» Work task
Nothing but the lines from the one including "Ich habe zwei" through the last line of the entries, restated exactly, should appear in the answer; omit the pictures.

» Dataset content

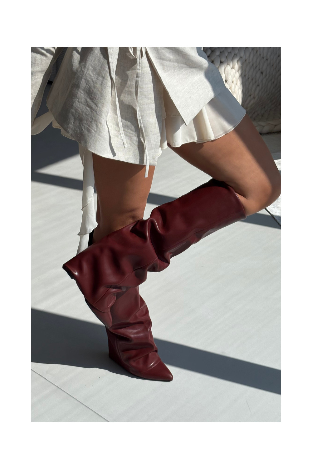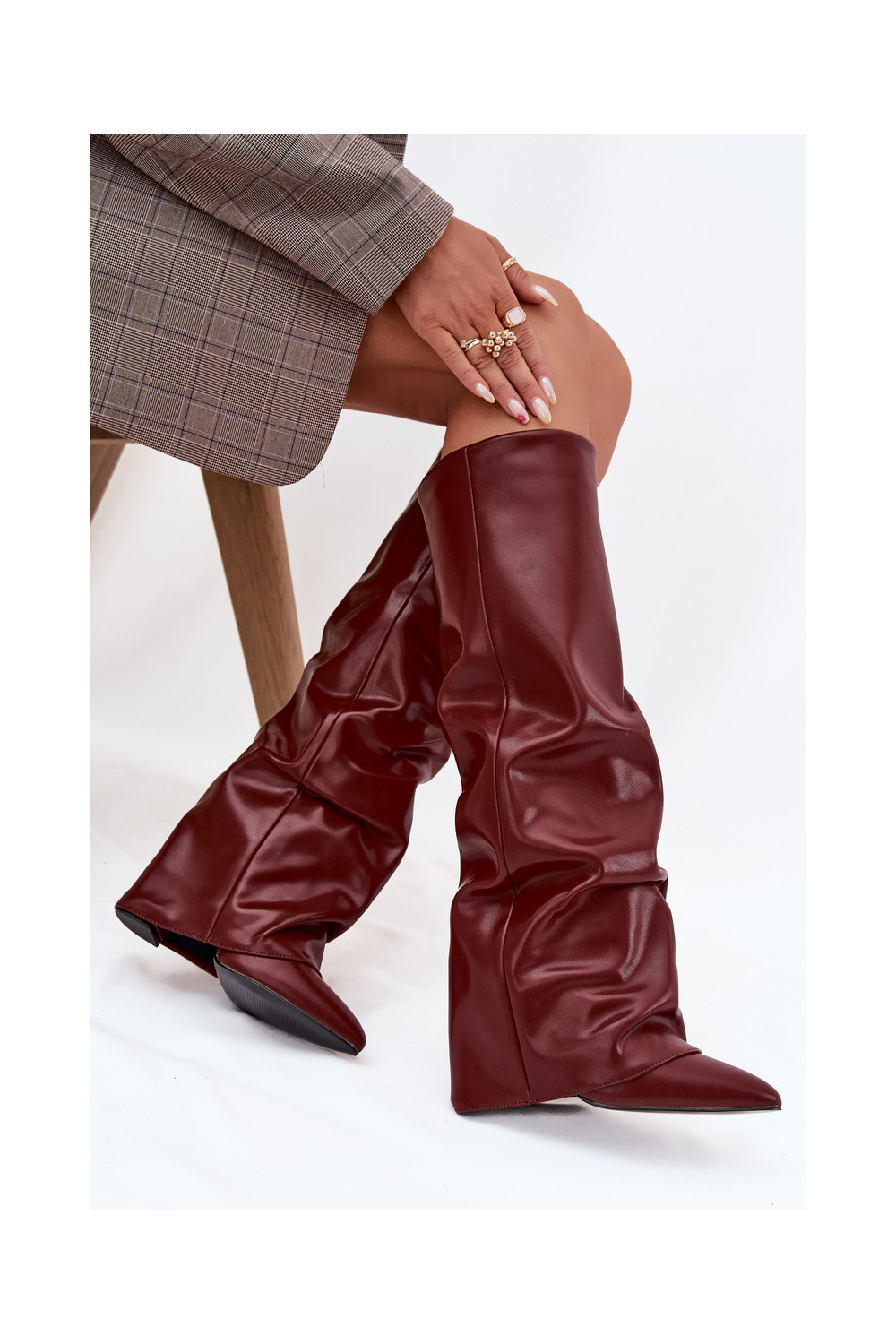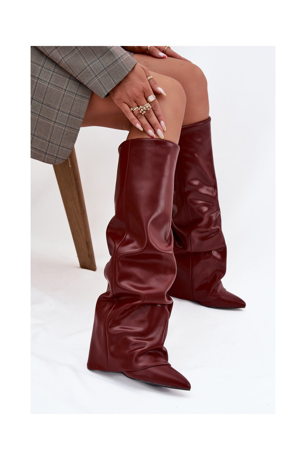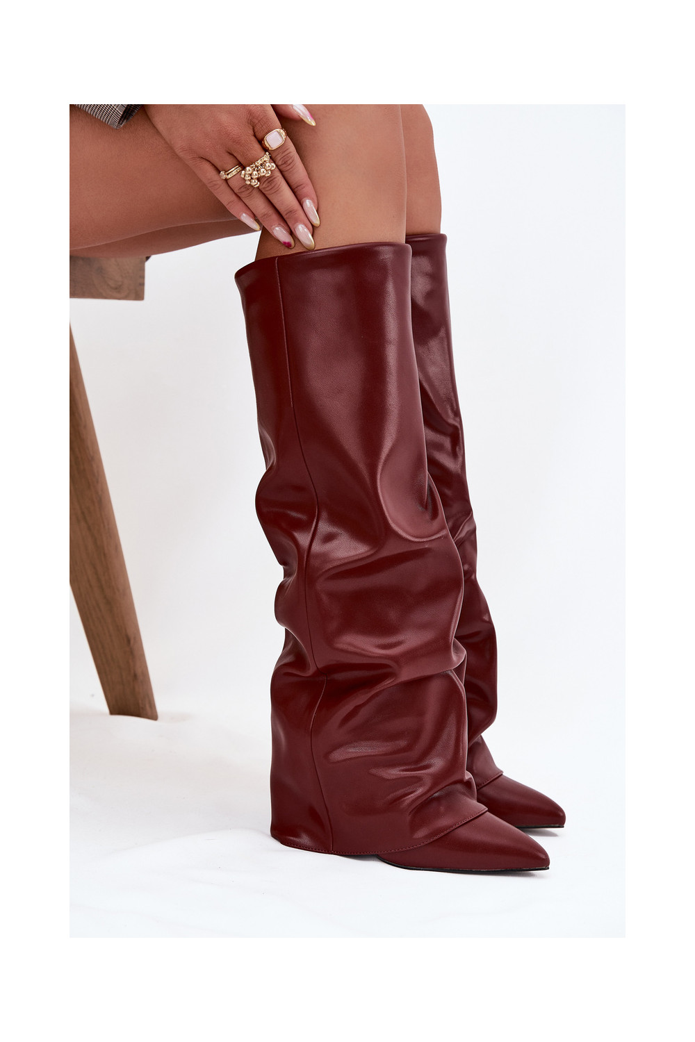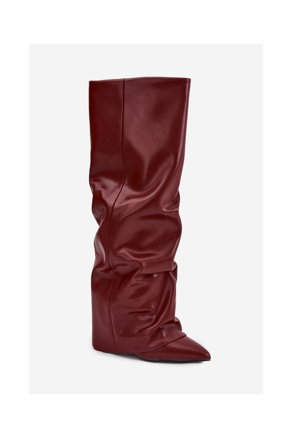 zateplené dámské dlouhé boty Z Wywiniętą Cholewką s podpatky vínová Elivira
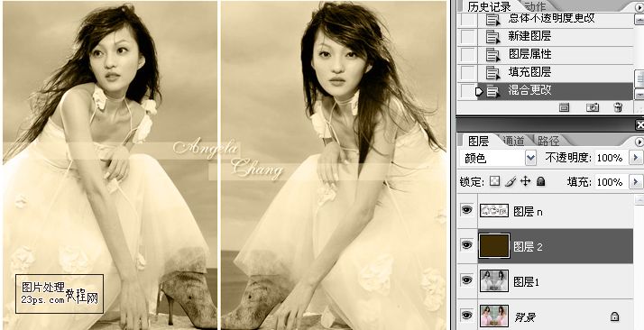 3、新建圖層2,填充顏色#3f2d05,圖層混合模式改為“顏色”
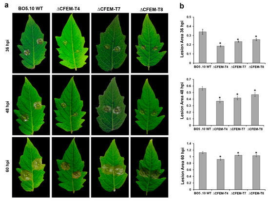 To study the effect of CFEM deletion on B. cinerea virulence, we compared the infection process of the different isolates on detached tomato leaves inoculated with conidia (Materials and Methods). During the first 24 hpi, we did not observe any visible symptoms in CFEM deletion mutants. However, clear visible infection regions were observed in the WT strain (Figure 2a). A significant reduction in the lesion size was observed in all three CFEM deletion mutants at 48 hpi (reduction in lesion area of 35% for ΔCFEM-T4, 25% for ΔCFEM-T7, and 18% in ΔCFEM-T8 compared with the WT BO5 isolate (Figure 2b).
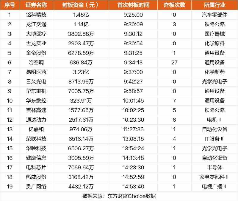 9月19日非連板個(gè)股漲停統(tǒng)計(jì)
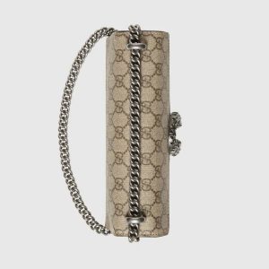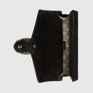 The small shoulder bag is presented in the signature pattern, trimmed with black suede details. The shape is defined by the defining tiger head closure—a unique detail referencing the Greek god Dionysus, who in myth is said to have crossed the river Tigris on a tiger sent to him by Zeus—further enhanced with sparkling crystals. The sliding strap can be worn multiple ways, changing between a shoulder and a top handle bag.
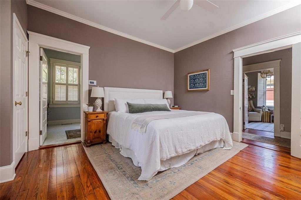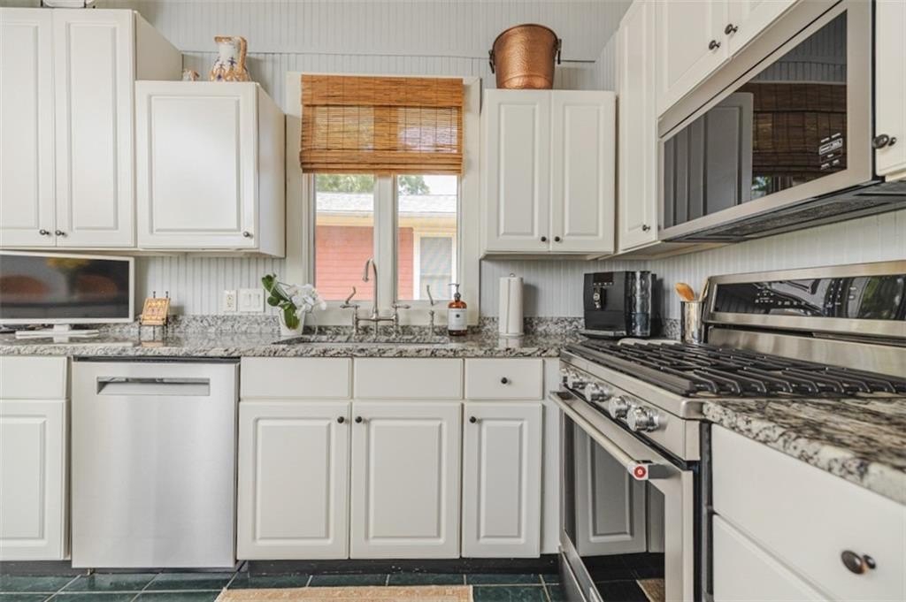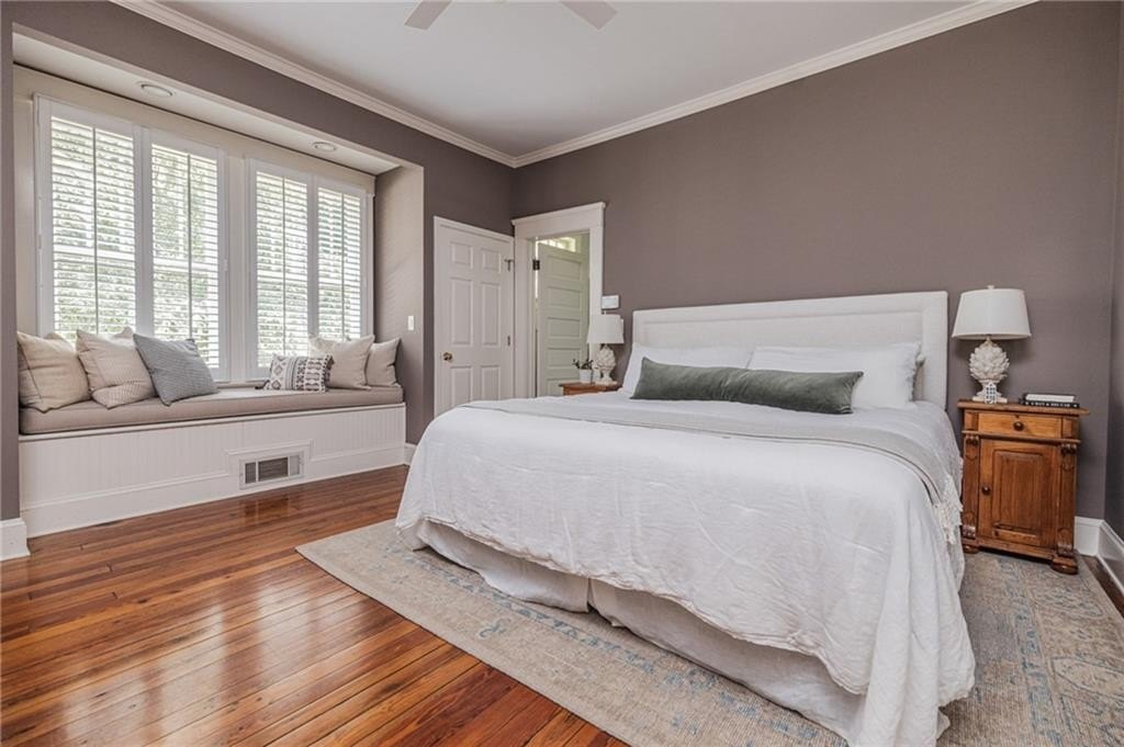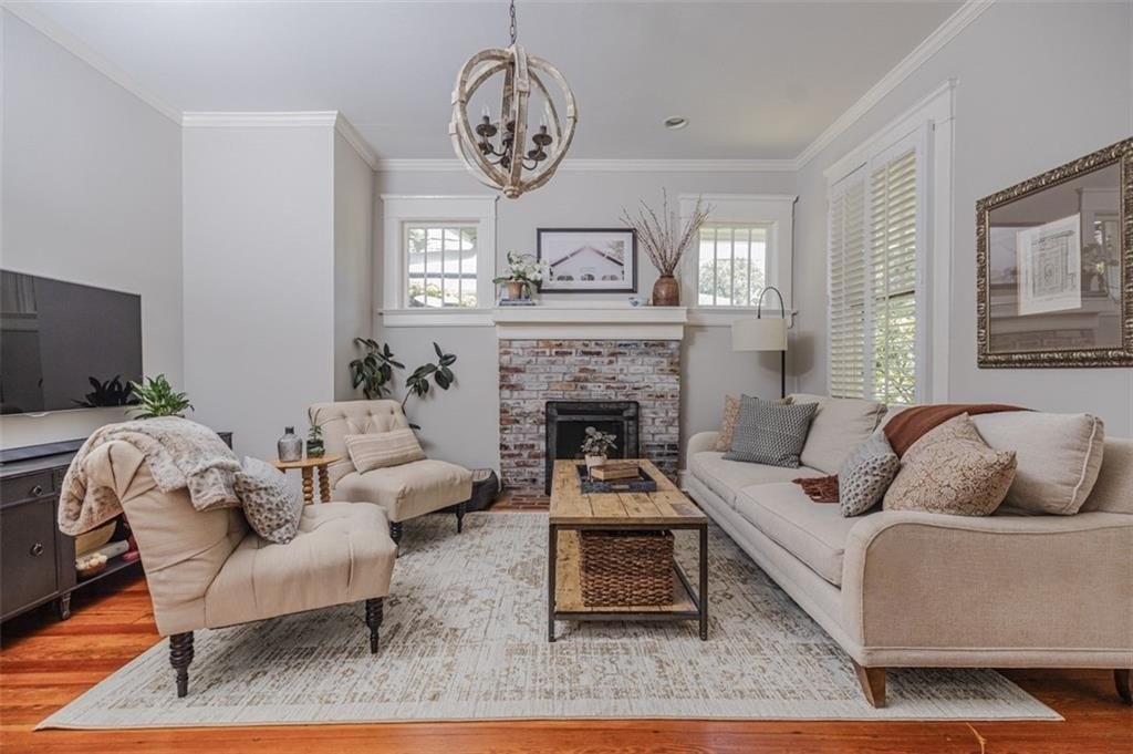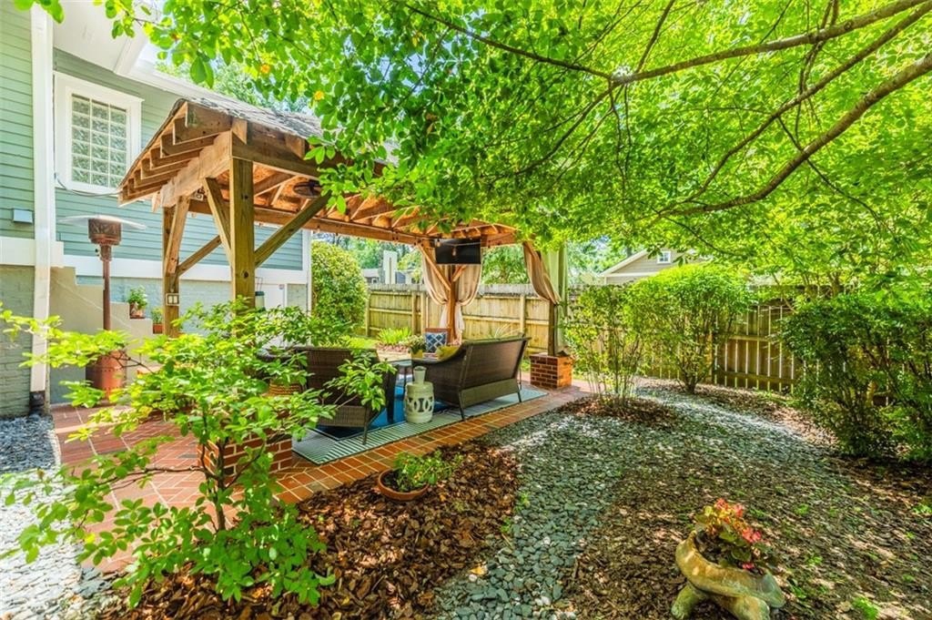 Beautifully updated craftsman bungalow on corner lot in wonderful Kirkwood location. Classic features include covered rocking chair front porch, original heart pine floors, and traditional craftsman trim & moldings. Large dine-in kitchen features granite counters, white cabinets, new fixtures & new high-end appliances. Recent total renovation of master bathroom and updated 2nd bath with new vanity and reglazed clawfoot tub with shower conversion. Two true bedrooms plus possible 3rd bedroom/office/dining room. Covered patio and newly updated deck amid lovely, mature landscaping enhance outdoor living and entertaining. Walkable to downtown Kirkwood, Oakhurst Village, Bessie Branham & Oakhurst Parks, East Lake MARTA station, and local restaurants.
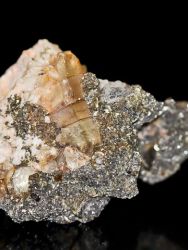 It is old and extremely rare specimen of apatite crystals that nested on muscovite matrix, from Akzhaylyau Mts.It's old and extremely rare specimen of apatite crystals that nested on muscovite and smoky quartz matrix, from Akzhaylyau Mts, Tarbagatai Range, Eastern Kazakhstan Province, Kazakhstan. This specimen features 4 sharp, glassy, prismatic crystals of apatite measuring up to 3.2 mm associated with dark crystals of muscovite. Scattered damage to the crystal edges throughout.
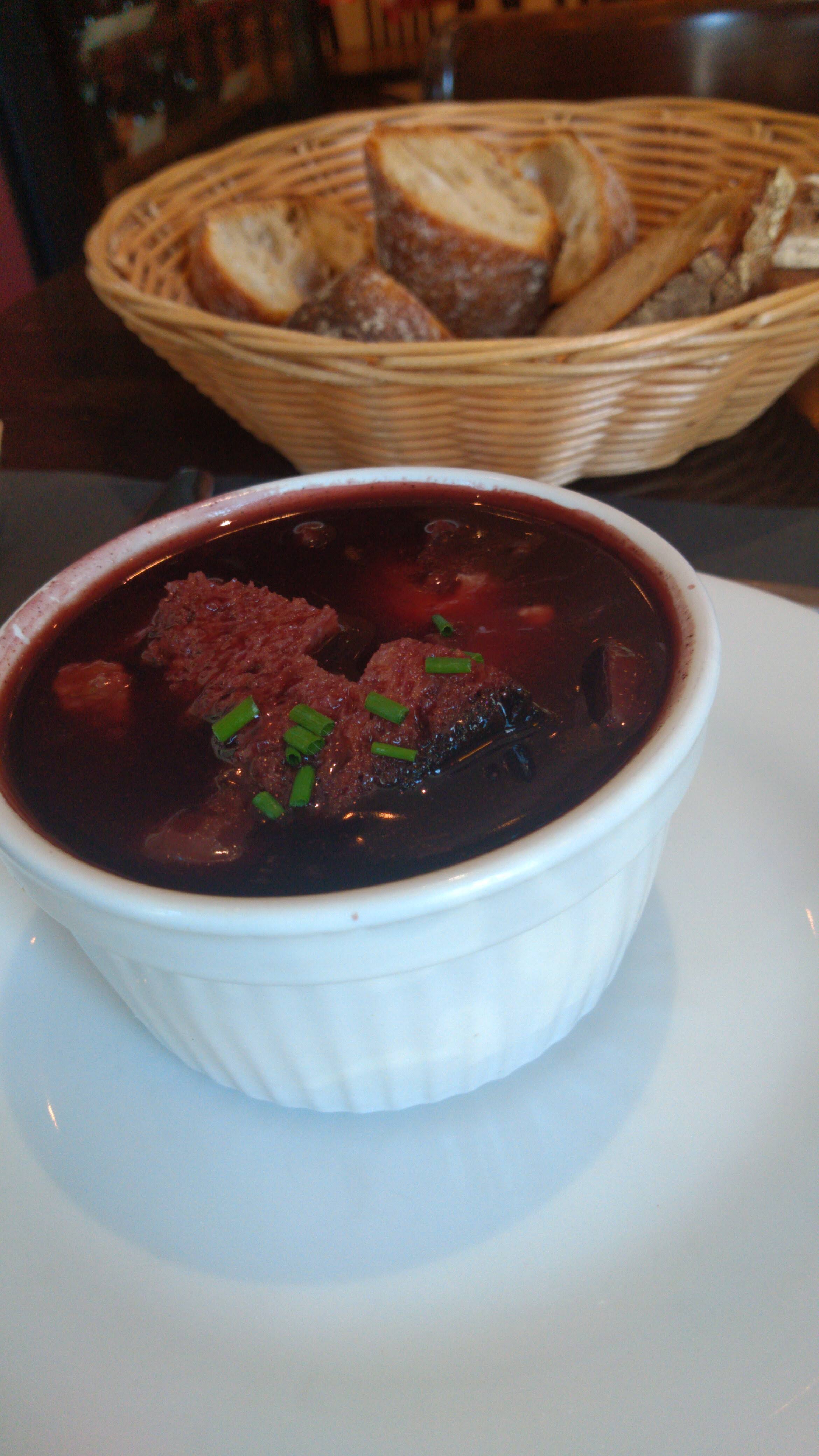 Entrée du marché : genre gaspacho du Monoprix d’en face, purée froide avec l’andouillette, salade quelconque. Inspiration lyonnaise mais déception typiquement parisienne.
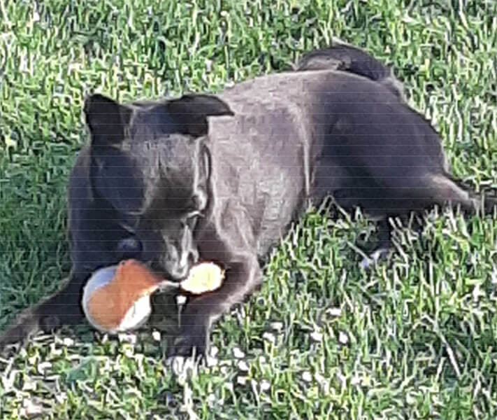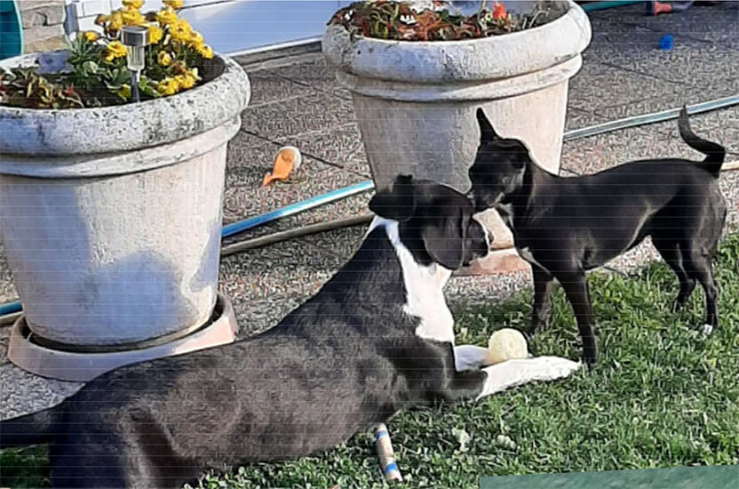 Ich habe zwei Nachbarn, August und Lino, das sind Hundi, so wie ich. Dann gibt es noch den Nachbarkater Fini. Der ist noch schwärzer als ich, aber ich bin dafür größer (ein bissi……..) ! Außerdem kommt uns immer ein Freund von Nina besuchen, der Maddox. Mit August und Lino schmuse ich durch den Gartenzaun und mit Nina und Maddox darf ich mitspielen. Ich trau mich auch schon, mit Maddox alleine zu spielen !
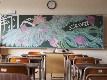 昨日の卒業式の朝、教室を回ると、どのクラスにも黒板アートが描かれていました。そう言えば最近マスコミでも話題になっていたことを思い出し、それにヒントを得たのかとも思いきや、はたと気がつきました。「そう言えば先々週あたりから図書室前に作品集の本があった…」特に今年度の卒業生は、小中高大どの校種も耐え忍ぶことをずっとしてきたのですから、せめて最後くらいは教室に花を咲かせたい心情が伝わってきました。
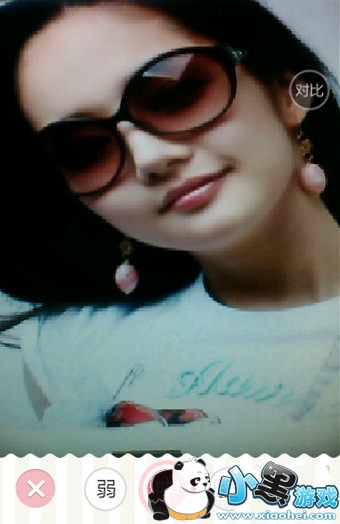 2、拍照完成后,会自动对照片进行美化,选择有三种美化方式“弱”、“中”和“强”,最后点击“勾号”完成美化
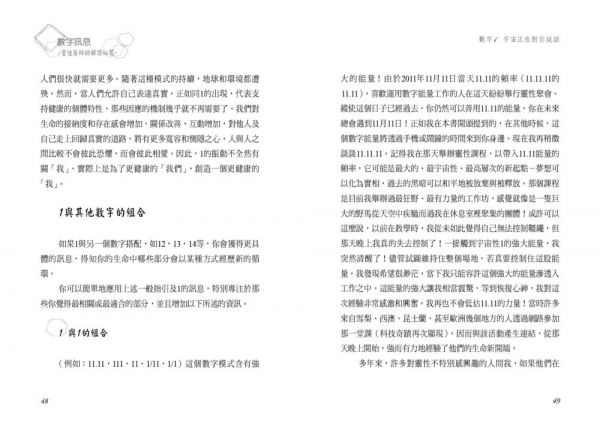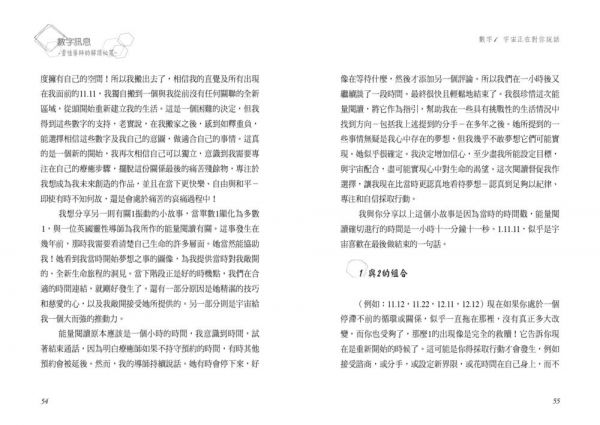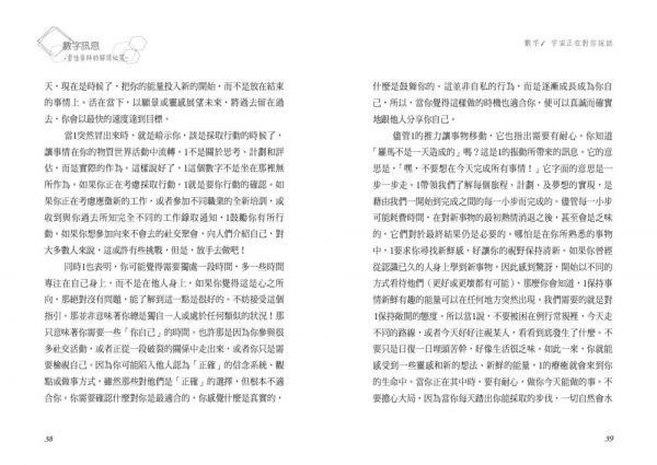 2. 實用的數字訊息:協助我們突破日常生活挑戰,例如:分手的療傷、搬家地點適合與否、夥伴關係陷入困境……等,書中分享許多作者如何在生活中運用數字訊息的實例。

» Answer to the problem
 Ich habe zwei Nachbarn, August und Lino, das sind Hundi, so wie ich. Dann gibt es noch den Nachbarkater Fini. Der ist noch schwärzer als ich, aber ich bin dafür größer (ein bissi……..) ! Außerdem kommt uns immer ein Freund von Nina besuchen, der Maddox. Mit August und Lino schmuse ich durch den Gartenzaun und mit Nina und Maddox darf ich mitspielen. Ich trau mich auch schon, mit Maddox alleine zu spielen !
 昨日の卒業式の朝、教室を回ると、どのクラスにも黒板アートが描かれていました。そう言えば最近マスコミでも話題になっていたことを思い出し、それにヒントを得たのかとも思いきや、はたと気がつきました。「そう言えば先々週あたりから図書室前に作品集の本があった…」特に今年度の卒業生は、小中高大どの校種も耐え忍ぶことをずっとしてきたのですから、せめて最後くらいは教室に花を咲かせたい心情が伝わってきました。
 2、拍照完成后,会自动对照片进行美化,选择有三种美化方式“弱”、“中”和“强”,最后点击“勾号”完成美化
 2. 實用的數字訊息:協助我們突破日常生活挑戰,例如:分手的療傷、搬家地點適合與否、夥伴關係陷入困境……等,書中分享許多作者如何在生活中運用數字訊息的實例。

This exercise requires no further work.